Online algorithms is not a well-defined term in computer science, but
online or competivity analysis of algorithms refers to something
else: the online competitiveness ratio of an algorithm that processes
a stream online is the ratio between its solution, and the solution
of the best offline algorithm (which knows all the values in
advance). I.e. it measures what you lose by not knowing the future.

Examples of data stream algorithm are of course the average (you only
need to maintain sum and count), or higher moments (sum of squares,
etc.) with all the pitfalls that have been detailed with John's
torture tests earlier in this stream.

But if you don't insist on the median, you can get approximate
medians (of rank within (1/2+/-epsilon)) for a data stream cheaply,
using a random sample of size roughly 1/epsilon (a bit larger
actually, to take care of the random deviations).
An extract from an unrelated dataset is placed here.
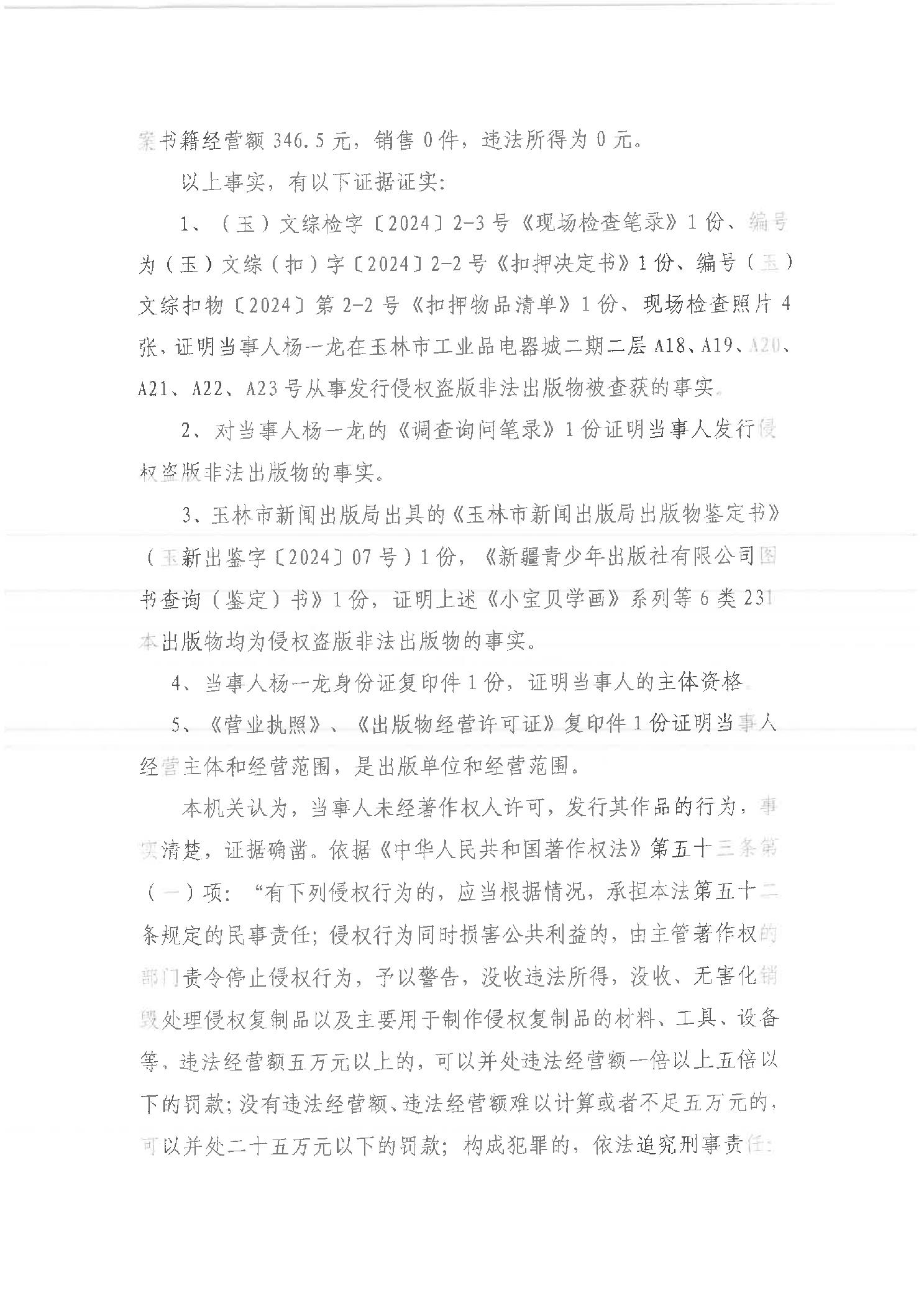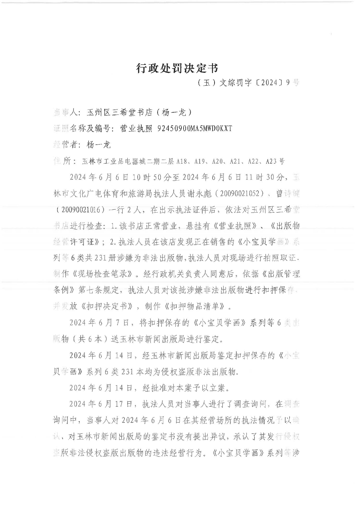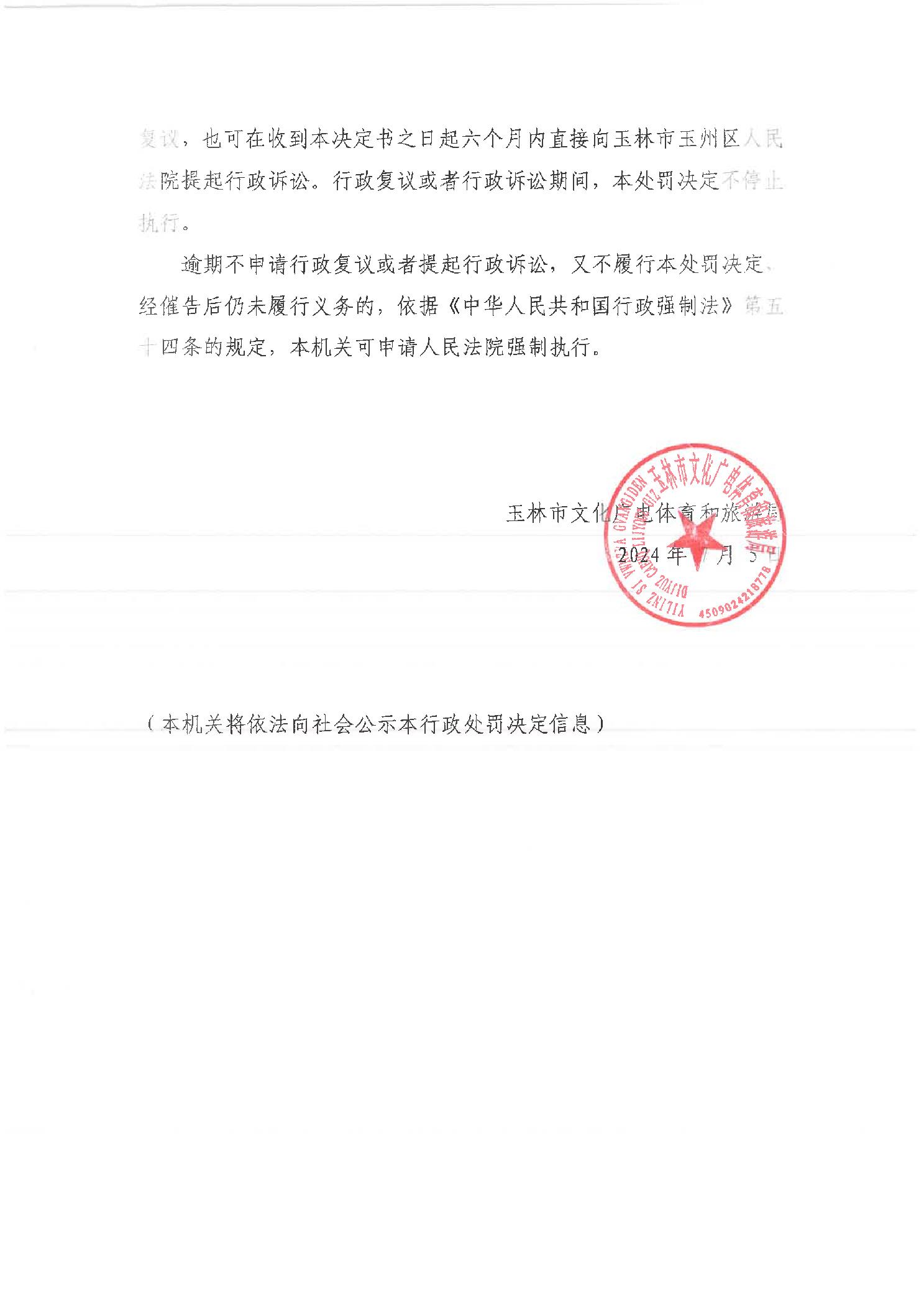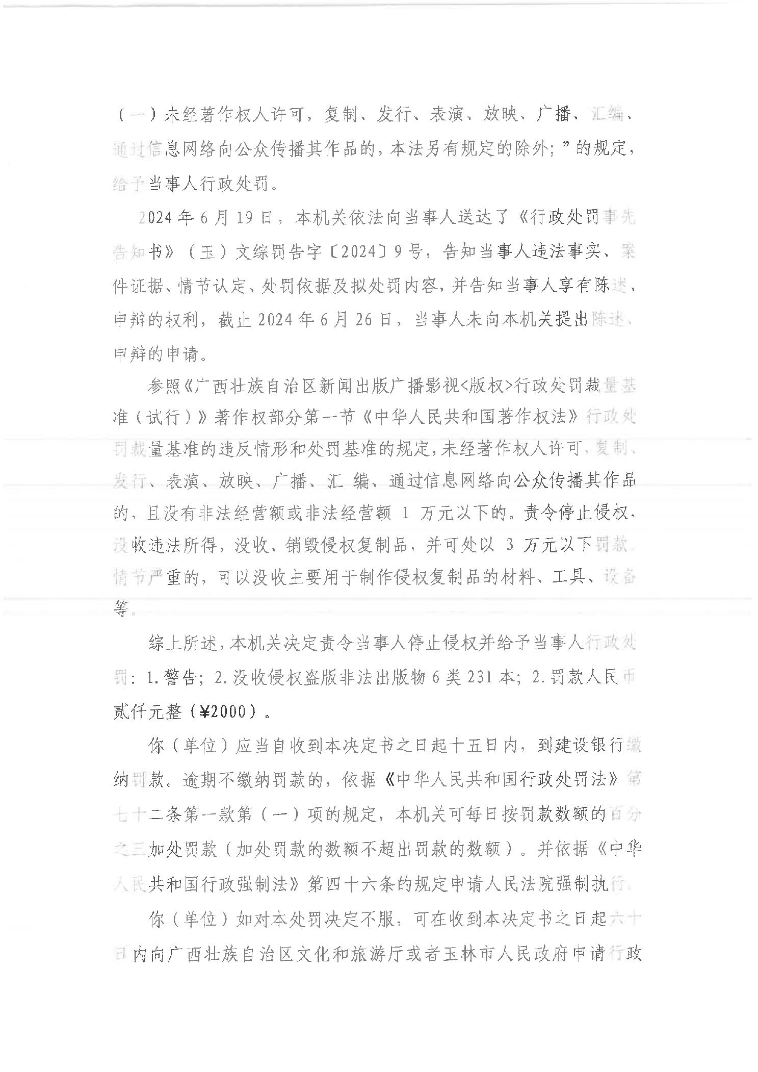 行政处罚决定书 (玉)文综罚字[2024]9号

There are
deterministic algorithm (by Manku, Motwani, or Greenwald and Khanna.

Another simple problem is: maintain the count of *unique* items (i.e.
eliminating the redundant ones) over a stream of N elements. At
first it seems you need to maintain a hash-set, or some
representation, of all the distinct elements. But it's possible to do
this approximately as well, with very small storage.

Another fascinating sort of problems happen when you want to maintain
e.g. the average of the last M elements over a stream of N elements,
with M fixed, referred to as "sliding window" problems. Or when
elements can be cancelled from the stream.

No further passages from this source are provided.